Mindfulness. It’s been around for 100’s of years but has recently taken the stress-relievers and life-enrichers by storm. The studies on the health benefits of simply concentrating on your own breath and watching your thoughts drift away are life-changing. Mindfulness is changing the way people engage in the world and creating happier, more compassionate people.
Try Stream of Consciousness Writing While Journaling to Reduce Stress
There are several ways to meditate and reap the benefits of mindfulness meditation. One way is by stream of consciousness journal writing, or focusing on writing while you’re in the moment and recording your thoughts on paper.
Tips for Doing Stream of Consciousness Journal Writing
Start by taking a deep breath, all the way into your belly while counting to six. Hold your breath for 5-7 seconds and release very slowly while counting to 8. Repeat this process several times while releasing any stress, any negative emotions when you exhale. Remember to release any negative thoughts too. Visualize all negativity expelling with your breath and floating away. Visualize your breath while it is entering and exiting your body and repeat this process.
By doing this we are putting ourselves in the present moment. When you are fully present you aren’t thinking about your thoughts, you are simply here in the now. When we are present we are relaxed, more compassionate and have clearer thinking.
Starting the Process
Begin writing in a journal or a tablet. Take a moment to feel how your hand feels holding your writing utensil. Do you have a firm or loose grip? Does the pen or pencil have ridges on it? Focus on how it feels to move your utensil over the paper as you begin to write letters and construct words. If a thought comes up in your mind simply see it pass by without judgment.

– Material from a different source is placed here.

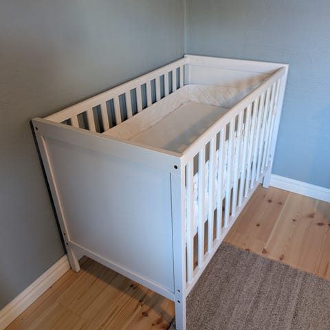 Vit spjälsäng från Kaxholmens Sängfabrik bortskänkes mot avhämtning. Spjälsängen är nedmonterad och enkel att transportera.

To begin stream of consciousness writing start writing what thoughts you are thinking at the time. Do not hold back, any thought or emotion should be put onto your paper. Let your thoughts flow and do not worry about punctuation or grammar. This technique is used to release any thoughts that have been clouding your mind. Simply keep writing, flowing with every thought that is coming to mind.
Let yourself write for about an hour. In my own personal experience after writing for 60 minutes, I had a clear view of everything I had been thinking about recently. I knew how to productively respond to situations that had been dragging me downward for months and answers to similar situations. With this newfound consciousness and clarity, I had indeed found a great deal of stress relief.